Она вскочила на фортепианную табуретку и затянула, прежде чем Мод успела ее остановить. Она прекрасно оттеняла куплеты и проявила совершенно не предполагавшийся в ней талант diseuse. Мужчины аплодировали и выказали более, нежели хотели, свой восторг; их в высшей степени возбуждал контраст этих гривуазных песенок с невинностью девушки, произносившей их, и молодыми слушательницами.

Сами они, эти полудевы, хохотали каким-то надтреснутым смехом; эта нечистота опьяняла их и они, с большей томностью склонялись к своим кавалерам.

Люк Летранж, со сверкающим нечистым взором подошел к Жанне Шантель. Он наблюдал за малейшим движением ее задумчивого непорочного лица и следил, какое действие производит на нее окружающее. Но на устах девушки по-прежнему сияла улыбка неведения.

"Грязный человек!" – подумал Гектор, наблюдавший за ними.

В первый раз он, скептик, снисходительный к чужим порокам его времени и общества, понял всю мерзость роли профессионального развратителя; он понял это теперь, потому что зараза грозила той, которая, таинственно, незаметно для него самого, становилась дорога ему.

Когда Жакелин окончила последний припев среди громких аплодисментов, Летранж спросил Жанну, смотря на нее ласкающим взором:

– Что же, мадемуазель, как понравился вам этот романс?

– Очень хорош, – отвечала девушка также наивно и рассеянно, – Жакелин прекрасно поет его.

– Не правда ли, что остроумнее нельзя сказать самые неприличные вещи.

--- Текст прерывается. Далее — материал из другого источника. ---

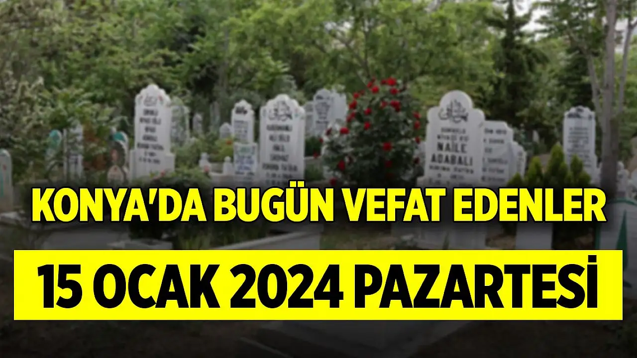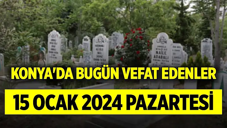 Konya'da bugün (15 Ocak 2024 Pazartesi) vefat edenler ve defnedilenler kimler? Konya'da vefat edenlerin isimleri ve defnedildikeri mezarlıkların bilgisi haberimizde...

Жанна сделалась совсем красной: не расслышав хорошо, чего от нее хотели, она поняла злое намерение навести ее мысли на запрещенный путь. И она ощутила при этом то, что всякая порядочная женщина всегда испытывает при разговоре о любви без нежности – страх. И вдруг ей стало стыдно своих обнаженных рук, крошечной выемки на шее, наготы, – которую пожирали взглядами мужчины – и от этой целомудренной наготы ей стало больно. Инстинктивно она стала искать защиты, прибежища, но, оглядевшись, в первый раз поняла, где она находилась, и кто окружал ее. Она стала понимать, что говорилось в этих группах девушек и мужчин, стала замечать плохо скрываемые прикосновения друг к другу. Открытие, сделанное ею, было неожиданное, поразительное; состояние ее походило на пробуждение христианской девицы, опьяненной сонным маком, в доме Сюбюрра.

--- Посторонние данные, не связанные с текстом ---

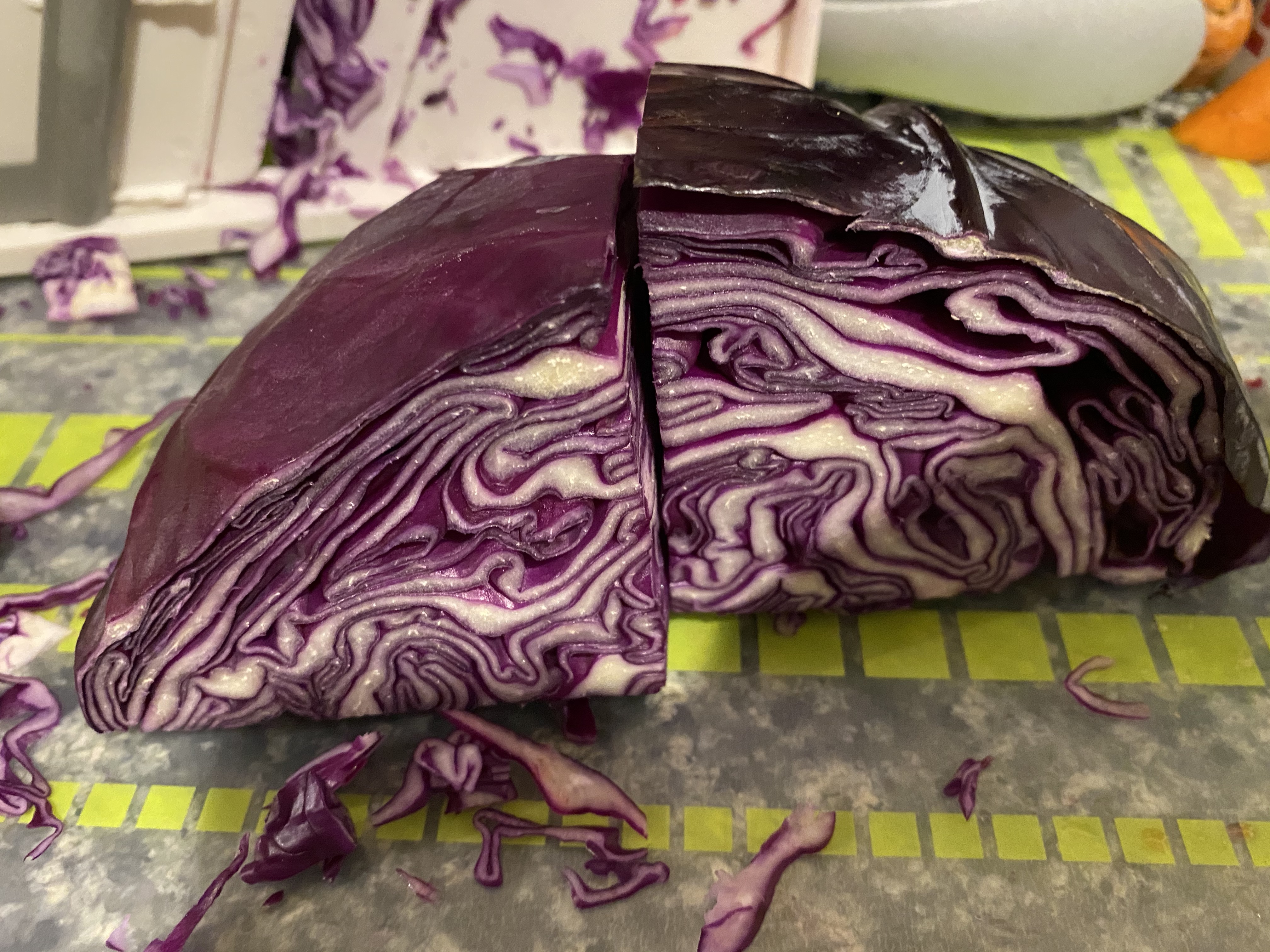 Imagine eight of these. I had to cut the cabbage head into eight sections in order to shred it on my mandolin, it was so big.

Летранж, не угадавший причины такого волненья, продолжал говорить тише; он оставил гривуазные песни, вероятно, не понятые девушкой, и, сказав несколько обычных комплиментов, прибег к знакомой наизусть тираде, так много раз повторявшейся другим, которая, по его мнению, была неотразима и, облеченная в форму восхищения и дружбы, разжигала нервы каждой молодой девушки.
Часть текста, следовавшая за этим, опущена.